Mauro Galvão relembra conquista da Libertadores


No terceiro dia da série de reportagens especiais sobre os 20 anos da conquista da Libertadores, o Site Oficial do Vasco vai contar um pouco da história do capitão daquele time: Mauro Galvão. O zagueiro começou a carreira no Internacional e passou por Bangu, Botafogo, Lugano (SUI) e Grêmio antes de chegar em São Januário. Com 36 anos e sob desconfiança, Galvão foi uma aposta da diretoria e do técnico Antônio Lopes e deu muito certo.

Apesar de ser o jogador mais velho do elenco, demorou um ano para Mauro Galvão assumir a braçadeira de capitão. Quando chegou, em 97, o dono da faixa era Edmundo. Ídolo da torcida e craque do time na conquista do Brasileirão daquele ano, o Animal deixou o Vasco após o tri nacional e Antônio Lopes não teve dúvida em escolher o seu representante dentro de campo.
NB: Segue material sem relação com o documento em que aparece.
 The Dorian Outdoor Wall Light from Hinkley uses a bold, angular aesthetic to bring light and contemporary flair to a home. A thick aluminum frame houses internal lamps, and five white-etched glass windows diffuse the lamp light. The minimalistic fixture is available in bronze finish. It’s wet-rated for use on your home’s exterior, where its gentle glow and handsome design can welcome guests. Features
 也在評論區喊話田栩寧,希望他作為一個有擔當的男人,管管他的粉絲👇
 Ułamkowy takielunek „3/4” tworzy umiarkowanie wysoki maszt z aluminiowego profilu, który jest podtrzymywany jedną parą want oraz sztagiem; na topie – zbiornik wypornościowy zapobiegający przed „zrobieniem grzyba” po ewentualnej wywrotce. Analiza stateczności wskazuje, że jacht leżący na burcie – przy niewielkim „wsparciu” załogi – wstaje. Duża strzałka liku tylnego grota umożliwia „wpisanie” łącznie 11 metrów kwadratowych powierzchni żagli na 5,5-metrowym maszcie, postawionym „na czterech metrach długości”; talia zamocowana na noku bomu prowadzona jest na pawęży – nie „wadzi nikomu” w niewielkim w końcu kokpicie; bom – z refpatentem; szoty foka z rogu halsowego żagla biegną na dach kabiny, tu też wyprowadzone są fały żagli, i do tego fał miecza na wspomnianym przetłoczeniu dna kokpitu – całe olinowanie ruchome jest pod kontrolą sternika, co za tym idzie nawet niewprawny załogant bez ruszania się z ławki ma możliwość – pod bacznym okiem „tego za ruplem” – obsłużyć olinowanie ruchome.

– O Mauro era um cara muito sério, experiente, que trabalhava forte. Ele era um exemplo para os jogadores mais jovens daquele elenco, como Felipe, Pedrinho, Vagner e Luizão. E o Odvan ganhou muita confiança jogando ao lado dele. Foi uma defesa que se encaixou rápido e se entendeu muito bem – disse o Delegado, em conversa com o Site Oficial.
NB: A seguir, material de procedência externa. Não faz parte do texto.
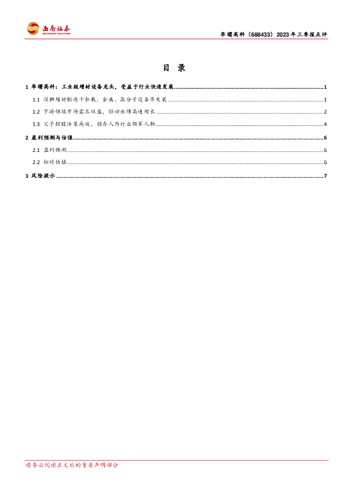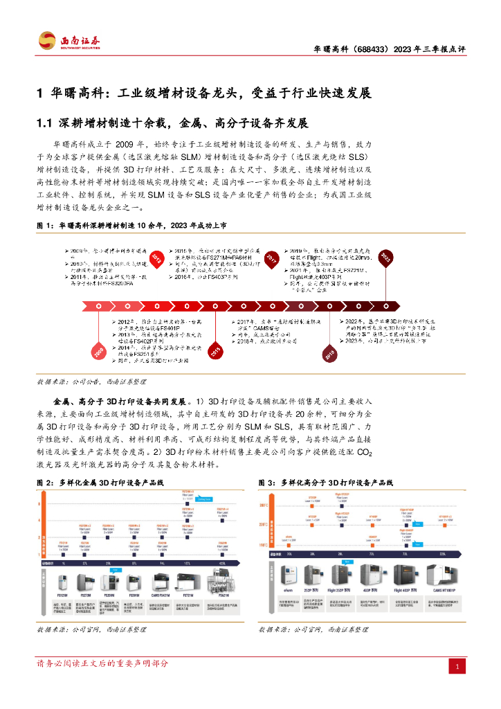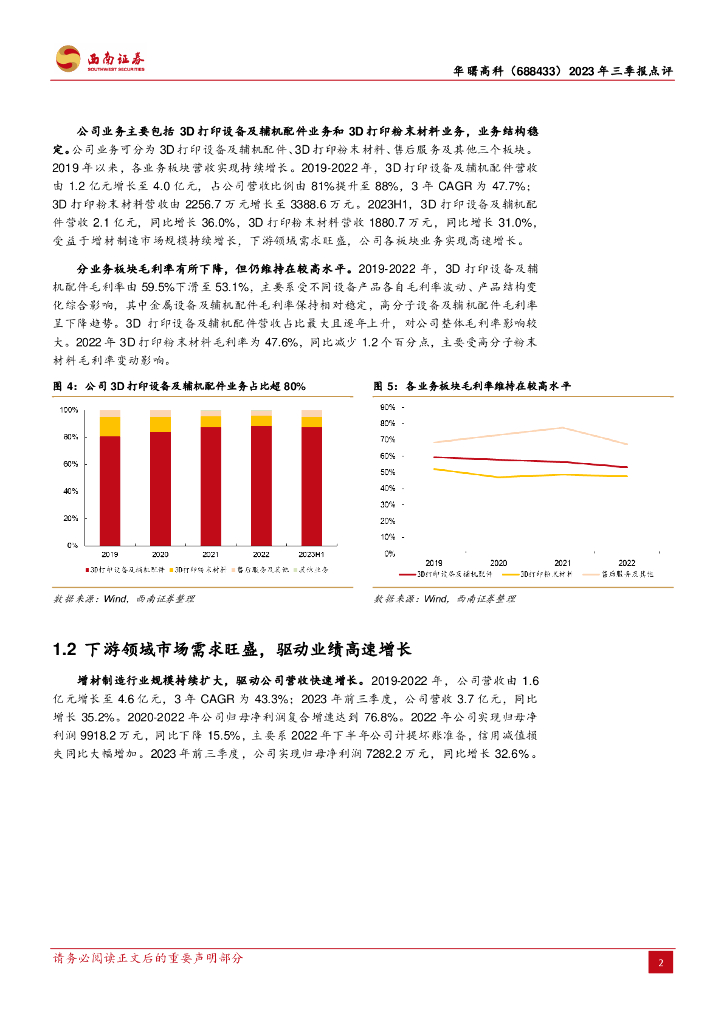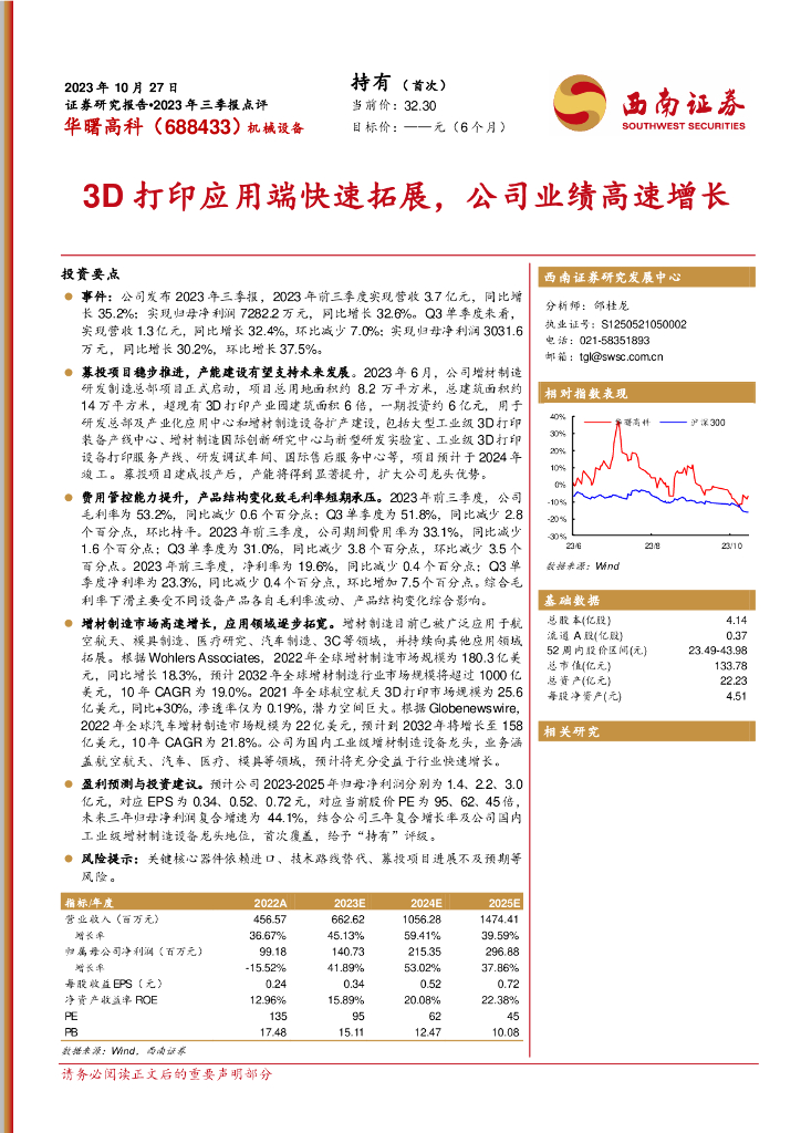 西南证券:华曙高科(688433)-2023年三季报点评:3D打印应用端快速拓展,公司业绩高速增长.pdf
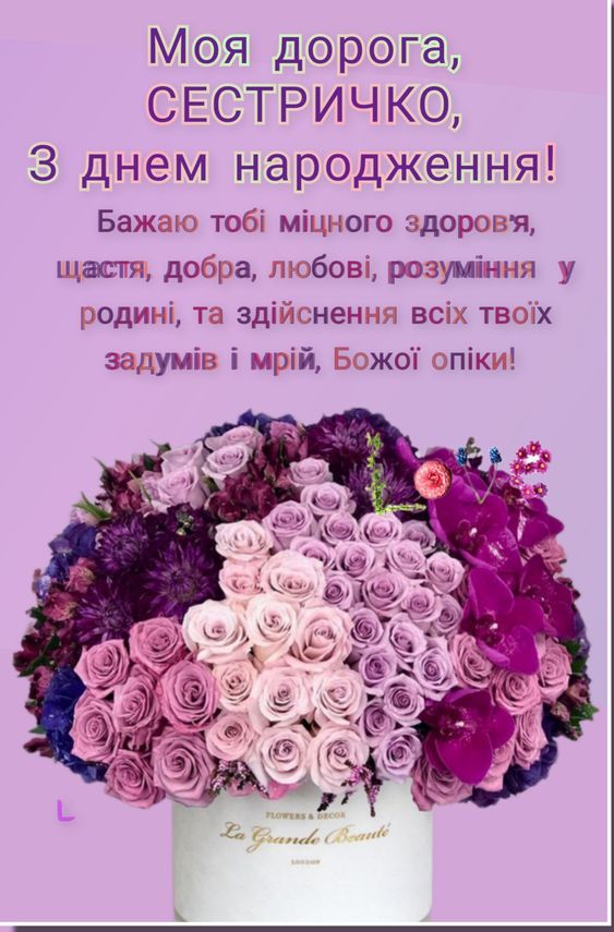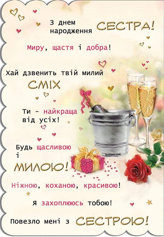 Вітаю, люба сестричко! Нехай життя буде легким, повним кохання і теплих моментів. Ти заслуговуєш на найкраще!

Em papo com o Site Oficial, Mauro Galvão ressalta que o mais importante naquela conquista foi a manutenção do elenco que venceu o Brasileirão no ano anterior. As únicas mudanças foram no ataque, já que saíram Edmundo e Evair, mas chegaram Donizete e Luizão. Outros nomes, como o lateral-direito Vitor e o meia Vágner chegaram ao clube e foram importantes.

– Lembro que nossa base era o time campeão de 97, então aconteceram poucas mudanças. Só no ataque. Mas o Donizete e o Luizão chegaram muito bem, com outra característica e encaixaram muito bem. Isso foi fundamental. Pouca mudança, o Lopes não precisou mexer muito no time. O time era acostumado com jogos grandes, não sentia.
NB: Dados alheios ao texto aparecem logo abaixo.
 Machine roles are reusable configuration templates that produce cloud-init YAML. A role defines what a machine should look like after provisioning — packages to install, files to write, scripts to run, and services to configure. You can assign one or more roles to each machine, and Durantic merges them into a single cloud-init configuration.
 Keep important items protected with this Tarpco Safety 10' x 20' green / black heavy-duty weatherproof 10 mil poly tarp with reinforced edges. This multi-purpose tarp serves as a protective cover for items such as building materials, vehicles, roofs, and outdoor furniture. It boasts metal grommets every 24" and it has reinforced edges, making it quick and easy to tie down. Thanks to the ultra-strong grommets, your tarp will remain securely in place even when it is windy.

Quem imaginava que, quando contratados, Mauro Galvão e Odvan ser tornariam uma das duplas de zaga mais vitoriosas da história do Vasco, provavelmente seria considerado muito otimista. Enquanto o primeiro chegava ao clube na reta final da carreira, o outro era uma aposta contratado junto ao Americano, de Campos. Enquanto Galvão se destacava pela técnica e leitura de jogo, Odvan fazia diferença na força e no vigor físico. Os dois se completavam em campo, como bem definiu o Capitão América:

– São situações que acontecem dentro do futebol. O Odvan tem uma característica bem definida. Muito forte e bom na bola aérea. Tinha uma recuperação muito boa. Vivia o auge da forma física, tinha 23 anos. Ele soube chegar e não sentiu a mudança. Sempre ouviu a gente, sempre soube entender o que a gente pedia. E foi um cara com atitude positiva, que é importante dentro do futebol. Fez por merecer essa história e fizemos uma dupla vencedora. Ficou marcado. Todo lugar que vou, falam dessa dupla. A torcida do Vasco sempre me lembra.